Segment Start: Supplied entries

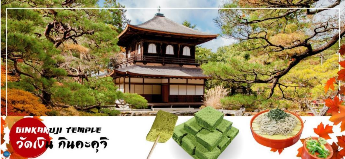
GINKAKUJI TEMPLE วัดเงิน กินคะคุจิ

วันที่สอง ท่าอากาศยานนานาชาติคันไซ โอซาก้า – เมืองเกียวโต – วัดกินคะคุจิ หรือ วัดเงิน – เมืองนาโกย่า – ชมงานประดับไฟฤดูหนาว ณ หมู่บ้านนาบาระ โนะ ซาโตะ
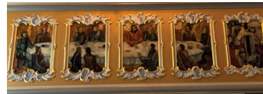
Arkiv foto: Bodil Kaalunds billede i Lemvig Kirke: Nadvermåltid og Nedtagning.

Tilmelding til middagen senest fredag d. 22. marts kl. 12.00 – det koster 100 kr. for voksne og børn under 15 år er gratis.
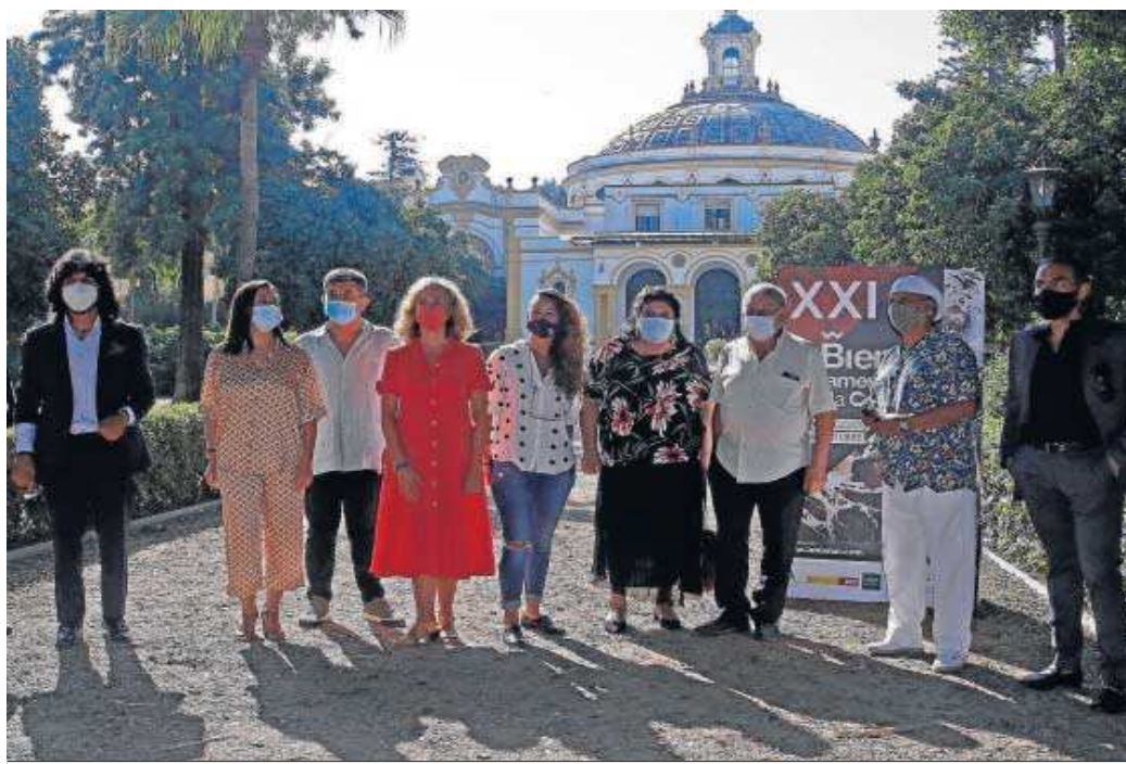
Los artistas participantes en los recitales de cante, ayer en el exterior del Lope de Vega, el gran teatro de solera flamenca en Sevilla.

Segment End: Supplied entries
Segment Start: Supplied entries

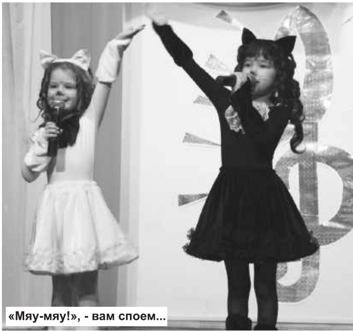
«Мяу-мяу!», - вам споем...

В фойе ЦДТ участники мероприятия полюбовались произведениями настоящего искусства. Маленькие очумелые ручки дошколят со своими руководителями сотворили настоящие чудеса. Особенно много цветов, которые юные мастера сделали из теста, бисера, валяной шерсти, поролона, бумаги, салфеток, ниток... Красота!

Segment End: Supplied entries
Segment Start: Supplied entries

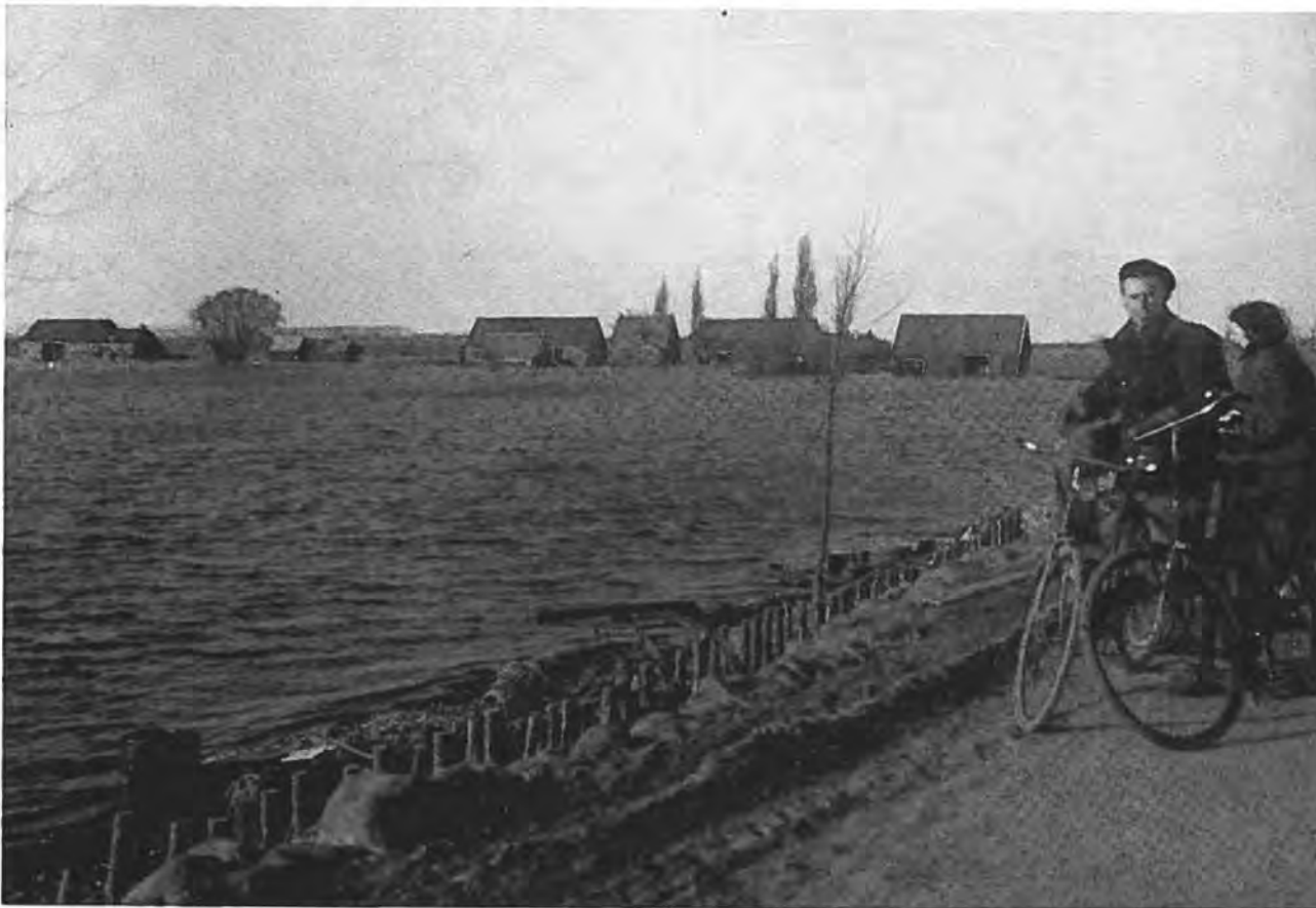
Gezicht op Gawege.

Segment End: Supplied entries

### Exercise brief
Starting with the line that has "GINKAKUJI TEMPLE วัดเงิน กินคะคุจิ" and going on through the line that has "Los artistas participantes", transcribe the records above exactly, but skip the pictures.

### Written response
GINKAKUJI TEMPLE วัดเงิน กินคะคุจิ

วันที่สอง ท่าอากาศยานนานาชาติคันไซ โอซาก้า – เมืองเกียวโต – วัดกินคะคุจิ หรือ วัดเงิน – เมืองนาโกย่า – ชมงานประดับไฟฤดูหนาว ณ หมู่บ้านนาบาระ โนะ ซาโตะ
Arkiv foto: Bodil Kaalunds billede i Lemvig Kirke: Nadvermåltid og Nedtagning.

Tilmelding til middagen senest fredag d. 22. marts kl. 12.00 – det koster 100 kr. for voksne og børn under 15 år er gratis.
Los artistas participantes en los recitales de cante, ayer en el exterior del Lope de Vega, el gran teatro de solera flamenca en Sevilla.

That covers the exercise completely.